There have been some dramatic changes to the worldwide investment arena over the last few years starting with the American mortgage crisis and the more recent European debt debacle. As a consequence the investment trends and investment aims of various expats around the world have changed enormously and we thought it would be interesting to take a look at their current thoughts.
We will now take a look at the French expat market and see which asset classes remain popular amongst investors in France. Some of the results may well be predictable but others may be a little surprising.
For some time now France has been very much the ally of the German government which has very much been the focal point of European Union management for many years now. However, the recent change in the French government has very much put the French authorities out of line with their former German allies and there has been a serious breakdown in the relationship.

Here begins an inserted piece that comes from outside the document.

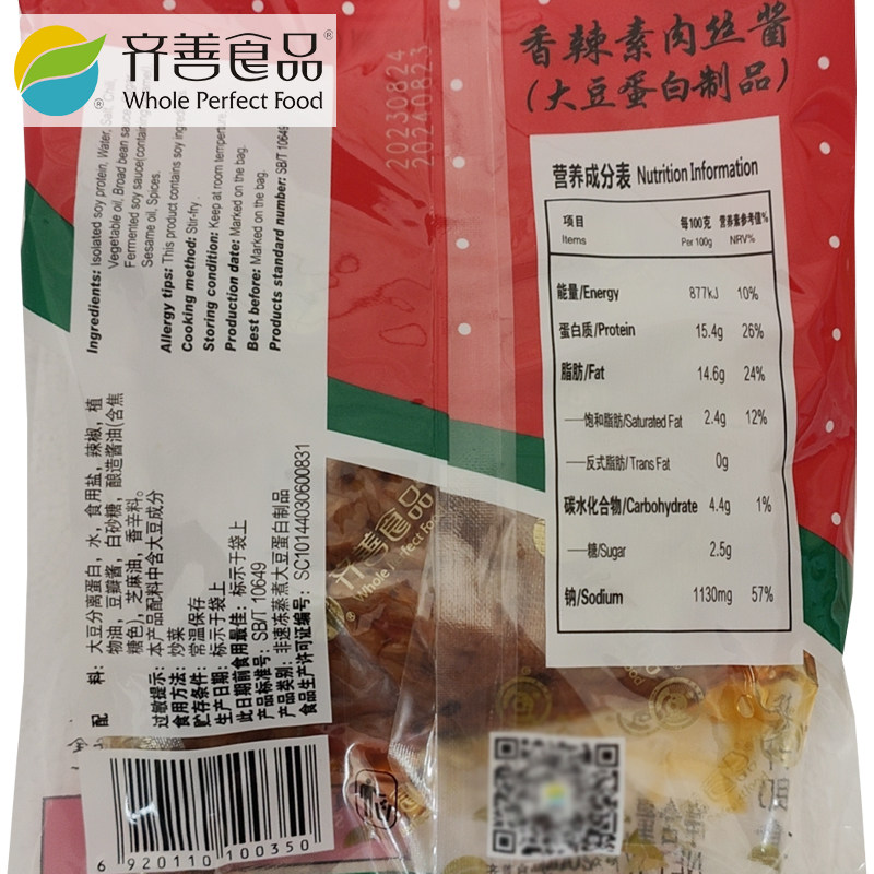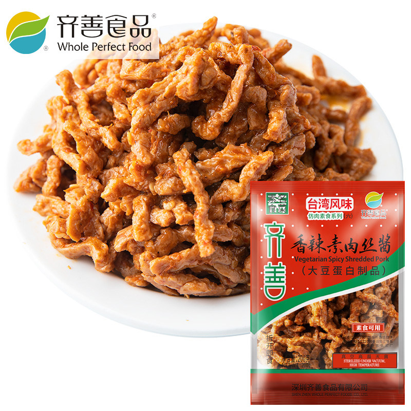 📚 正品齐善素食香辣素肉丝酱X5包佛家纯素肉即食大豆蛋白制品素斋菜

There is now a growing momentum for a reduction in austerity measures across France and indeed the new government is demanding more powers for the French people. This comes at a time when the French economy is struggling amid signs that the European debt debacle is having a major impact upon the European market as a whole. We have seen a number of false dawns with regards to the European debt debacle which has not helped sentiment across the region.
Recent data in relation to the French economy shows that there was no growth in the first half of 2012 and while the incoming government is very confident of a return to economic growth in the second half of 2012 this is not by any means guaranteed. The European problem needs to resolved as soon as possible otherwise they could be lasting damage to the overall European economy and individual economies.
It may come as a surprise to learn that there is still significant interest in the French property market despite the fact that we saw property prices fall in France and the economy flatlining in the first half of 2012. There are serious concerns that the French economy will move into negative growth in the second half of 2012 and you would expect this to have a negative impact upon the property sector. However, it seems that expat investors are now very keen to put property at the forefront of their investment portfolios. In fact, a recent survey by Barclays International has shown that investor behaviour is changing; we aim to find out how and why.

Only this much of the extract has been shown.